Stair ascent and descent at different inclinations

Abstract

The aim of this study was to investigate the biomechanics and motor co-ordination in humans during stair climbing at different inclinations. Ten normal subjects ascended and descended a five-step staircase at three different inclinations (24°, 30°, 42°). Three steps were instrumented with force sensors and provided 6 dof ground reactions. Kinematics was analysed by a camera-based optoelectronic system. An inverse dynamics approach was applied to compute joint moments and powers. The different kinematic and kinetic patterns of stair ascent and descent were analysed and compared to level walking patterns. Temporal gait cycle parameters and ground reactions were not significantly affected by staircase inclination. Joint angles and moments showed a relatively low but significant dependency on the inclination. A large influence was observed in joint powers. This can be related to the varying amount of potential energy that has to be produced (during ascent) or absorbed (during descent) by the muscles. The kinematics and kinetics of staircase walking differ considerably from level walking. Interestingly, no definite signs could be found indicating that there is an adaptation or shift in the motor patterns when moving from level to stair walking. This can be clearly seen in the foot placement: compared to level walking, the forefoot strikes the ground first—independent from climbing direction and inclination. This and further findings suggest that there is a certain inclination angle or angular range where subjects do switch between a level walking and a stair walking gait pattern.

Introduction

Stairs are frequently encountered obstacles in daily living. Although healthy persons climb stairs quite easily, this movement task is quite demanding when motor functions are reduced, for example in elderly or obese subjects, women during pregnancy, subjects affected by muscle or joint diseases as well as subjects with joint or limb replacements. The analysis of biomechanical and motor control aspects involved in stair ascent and descent can add to our understanding of the diverse and complicated processes involved in human locomotion and also be useful in the design of private and public environments where stairs are employed. Another application is in the field of gait rehabilitation. For instance, a comprehensive movement analysis of stair climbing can support the evaluation of joint replacement or prostheses development.

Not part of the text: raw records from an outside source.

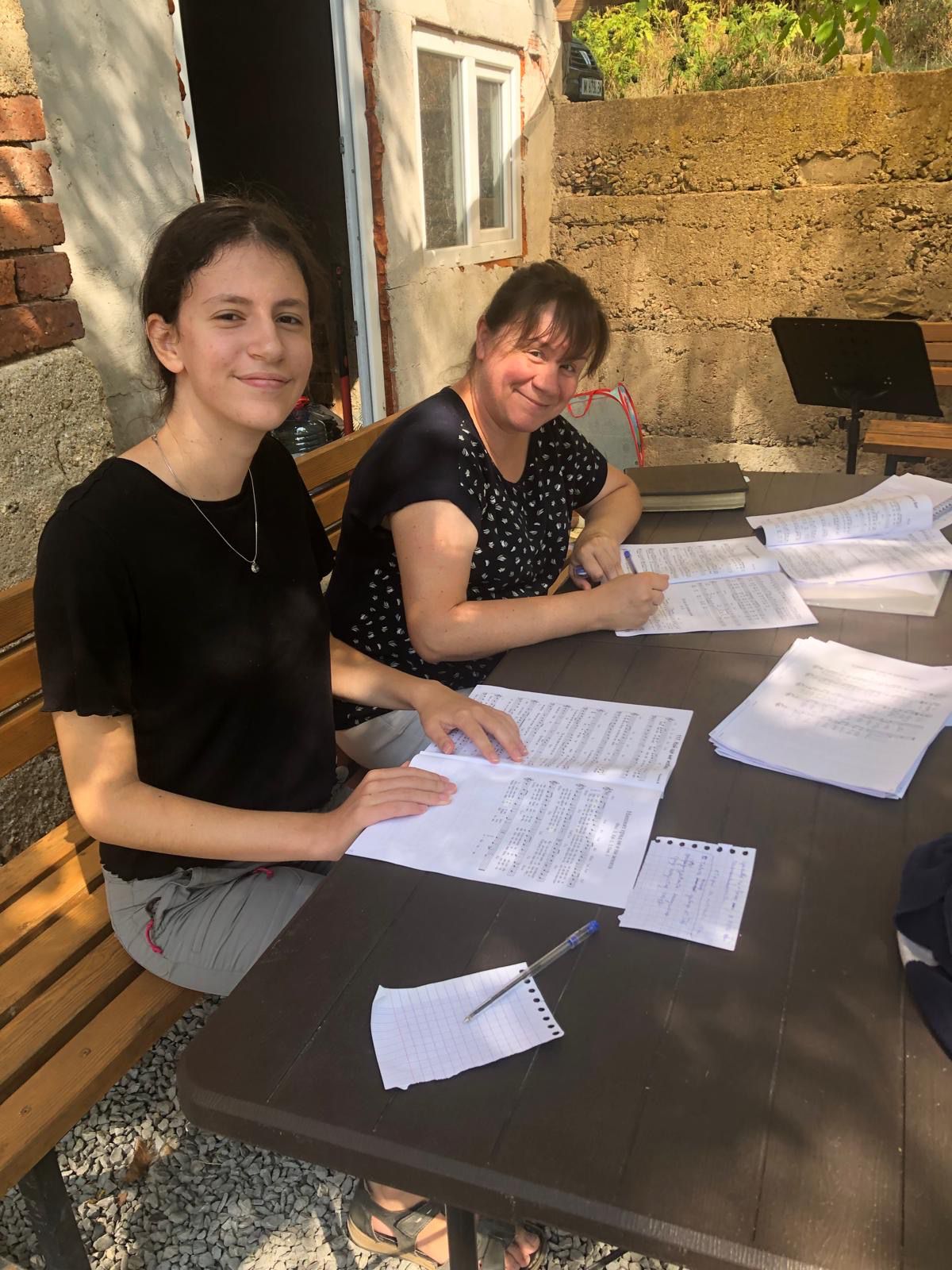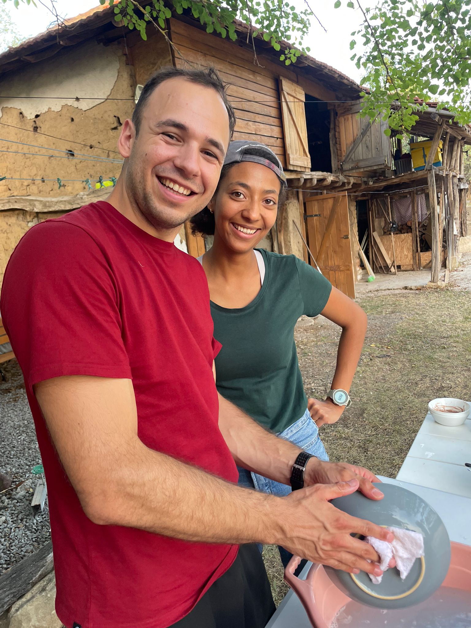 Miro, un jeune que nous accueillons, est venu nous aider deux jours. Romain Lefeuvre était aussi présent. Enfin à l’intendance, Marie-Neige était soutenue par Emilie et Paméla. La construction s’est terminée le samedi 21 juin. À peine la construction achevée. Des jeunes de Montana et de Doctor Iosifovo ont dressé les tables sous le préau pour que nous mangions ensemble.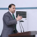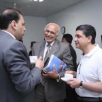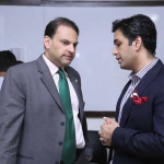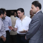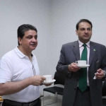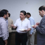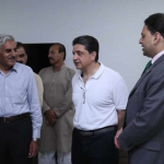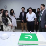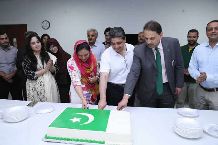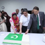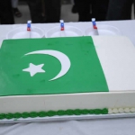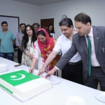 Mr. Iqbal Salahuddin, grandson of Dr. Allama Muhammad Iqbal and Mr. Khalid Sherdil, CEO – Punjab Saaf Pani Company – North cutting a cake in connection with celebrations to mark the 70th Independence Day of Pakistan. The ceremony was preceded by a lecture on ideology of Dr. Allama Muhammad Iqbal.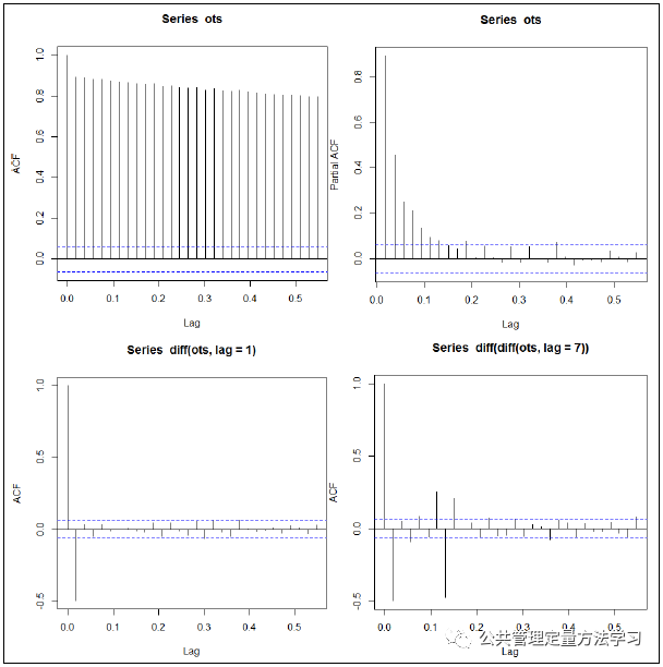 平稳性判断主要用到两个工具:自相关函数(auto correlation function, ACF)和偏自相关函数(patialauto correlation function, PACF);对于non-stationary的数据,ACF图不会趋向于0,或者趋向0的速度很慢;对于含有趋势的非平稳时间序列,通常可以通过引入ARIMA模型对其变换:ARIMA模型对于非平稳时间序列采用的方法是,运用差分运算提取趋势信息,最终把序列变为平稳序列。下面的四张图从左到右、自上而下分别对应原始数据的自相关函数、原始数据的偏自相关函数、原始数据一阶差分后的自相关函数、原始数据去除周期性后一阶差分的自相关函数:

Several studies were performed to investigate normal human stair ascent and descent [1], [2], [3]. Recently, some researchers focused on the analysis of joint moments [4], joint powers [5], plantar pressure characteristics [6] and reproducibility [7] that occur during staircase walking. Some studies also exist that investigate stair climbing of patients with knee [8] and hip [9] implants, amputees with artificial limbs [10], [11] or athletes with anterior cruciate ligament deficiencies [12].

However, no comprehensive analysis is available in the literature that discusses biomechanics of stair ascent and descent at different inclinations, although staircase slope proves to be an important characteristic affecting temporal and kinematic gait parameters [13] and hip/knee extensor activity [14] at varying step heights. Since previous studies [13], [14] are restricted to rather specific issues, our study is a broader attempt to face the question of how staircase inclination affects the kinematic and kinetic patterns of stair climbing and to ascertain if ascent and descent patterns are to be considered as particular evolution of the level walking pattern. This knowledge can, for example, serve as a reference for the imitation of natural motor control strategies in intelligent prostheses applied to walking on different terrain.